Initialize an rdf Object

Usage

rdf(
  storage = c("memory", "BDB", "sqlite", "postgres", "mysql", "virtuoso"),
  host = NULL,
  port = NULL,
  user = NULL,
  password = NULL,
  database = NULL,
  charset = NULL,
  dir = NULL,
  dsn = "Local Virtuoso",
  name = "rdflib",
  new_db = FALSE,
  fallback = TRUE
)

Value

an rdf object

Arguments

storage

Storage backend to use; see details

host

host address for mysql, postgres, or virtuoso storage

port

port for mysql (mysql storage defaults to mysql standard port, 3306) or postgres (postgres storage defaults to postgres standard port, 4321)

user

user name for postgres, mysql, or virtuoso

password

password for postgres, mysql, or virtuoso

database

name of the database to be created/used

charset

charset for virtuoso database, if desired

dir

directory of where to write sqlite or berkeley database.

dsn

Virtuoso dsn, either "Local Virtuoso" or "Remote Virtuoso"

name

name for the storage object created.

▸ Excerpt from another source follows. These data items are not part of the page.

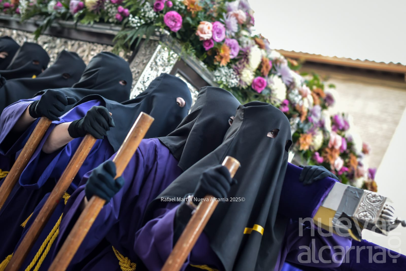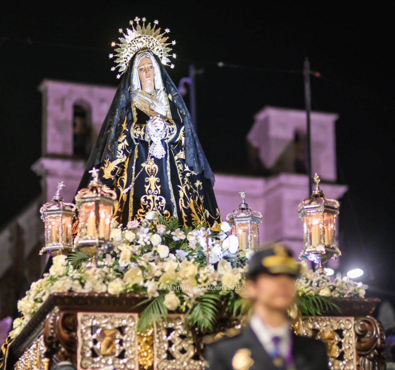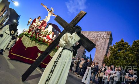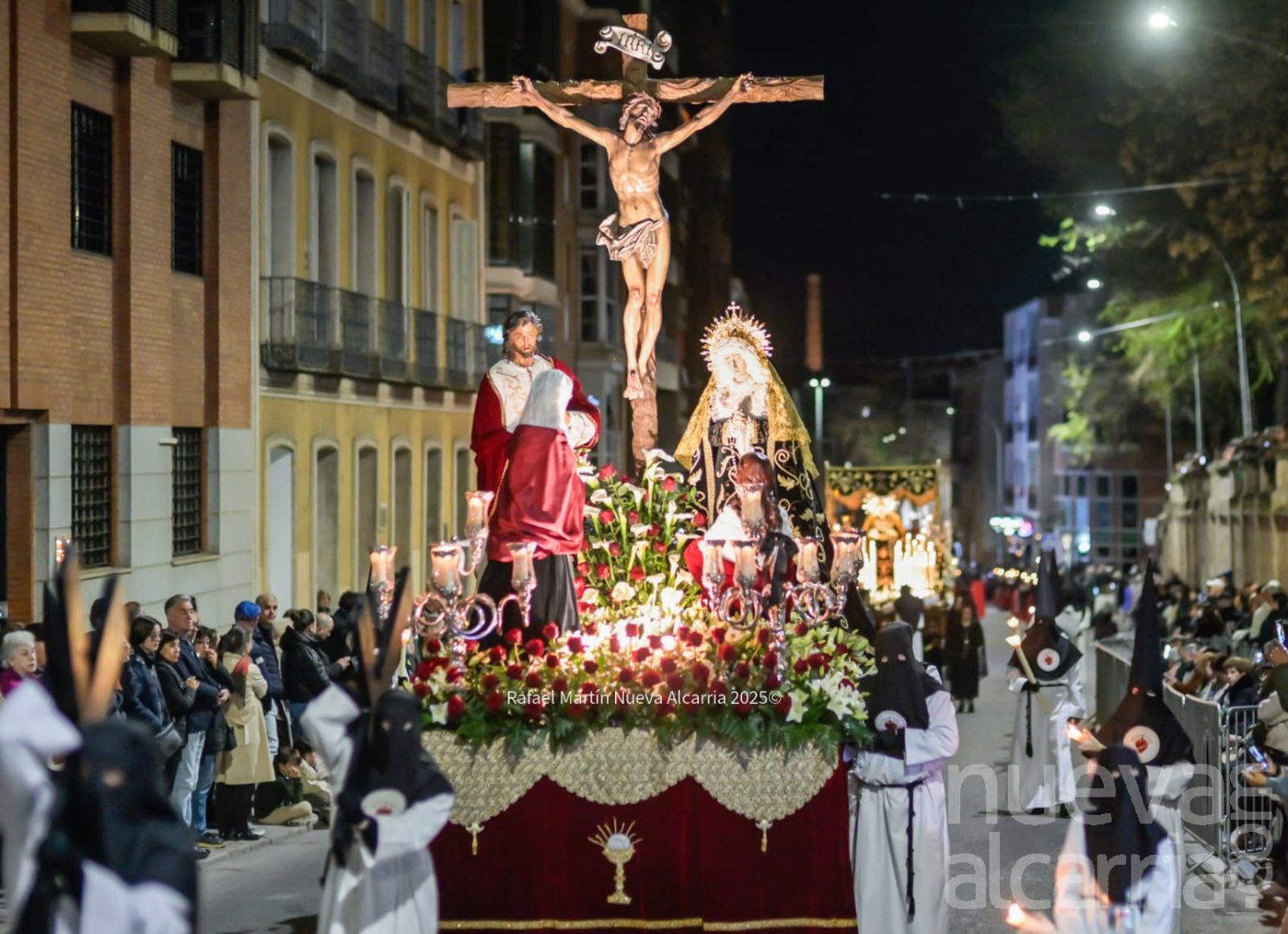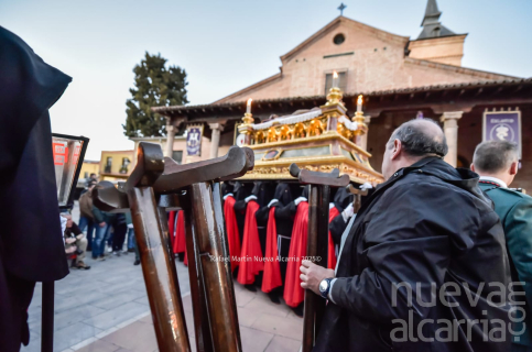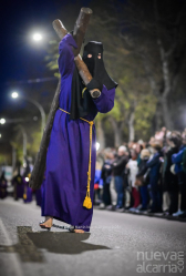 Le siguió la Cofradía de Nuestra Señora de los Dolores, una de las más antiguas de la ciudad, con sede en la propia Concatedral. Portaba el paso del Calvario en la Quinta Palabra y, sobre todo, el palio de su titular, la Virgen de los Dolores del siglo XVII procedente de las Carmelitas Descalzas de San José, flanqueada por San Juan, María Magdalena y María de Cleofás. Los nazarenos cargaban los varales con devoción visible; el palio, iluminado por docenas de cirios, se mecía suavemente entre el público que contenía la respiración.
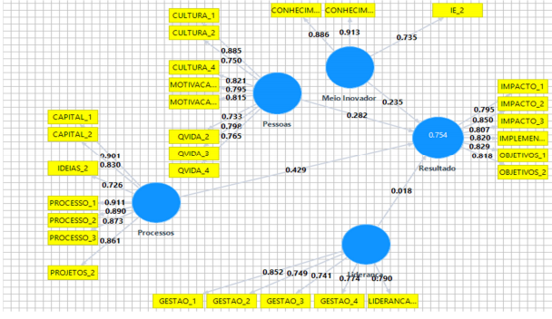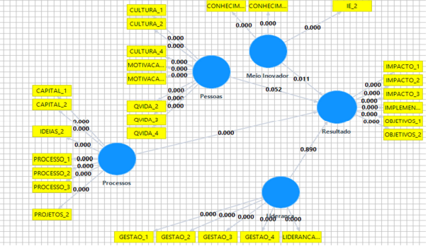 A regressão permitiu suporte estatístico para afirmar a influência positiva das competências meio inovador, pessoas e processos sobre o resultado. Para reforçar os achados, foi elaborada uma modelagem de equações estruturais, com as cargas e p-values dispostos nas Figuras 2 e 3, respectivamente.
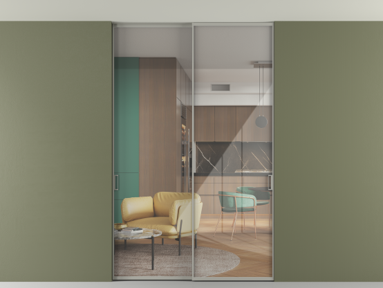 Алюминиевые перегородки имеют единый профиль с алюминиевыми дверьми и легко сочетаются в одном пространстве, не перегружая его. Также их можно комбинировать в интерьере с полотнами из нашего стандартного ассортимента. Помимо этого, система алюминиевых перегородок и дверей координируется со стеновыми панелями Волховец.

Default is usually fine.

new_db

logical, default FALSE. Create new database or connect to existing?

fallback

logical, default TRUE. If requested storage system cannot initialize, should rdf() fall back on memory (default) or throw an error (fallback=FALSE)?

Details

an rdf Object is a list of class 'rdf', consisting of three pointers to external C objects managed by the redland library. These are the world object: basically a top-level pointer for all RDF models, and a model object: a collection of RDF statements, and a storage object, indicating how these statements are stored.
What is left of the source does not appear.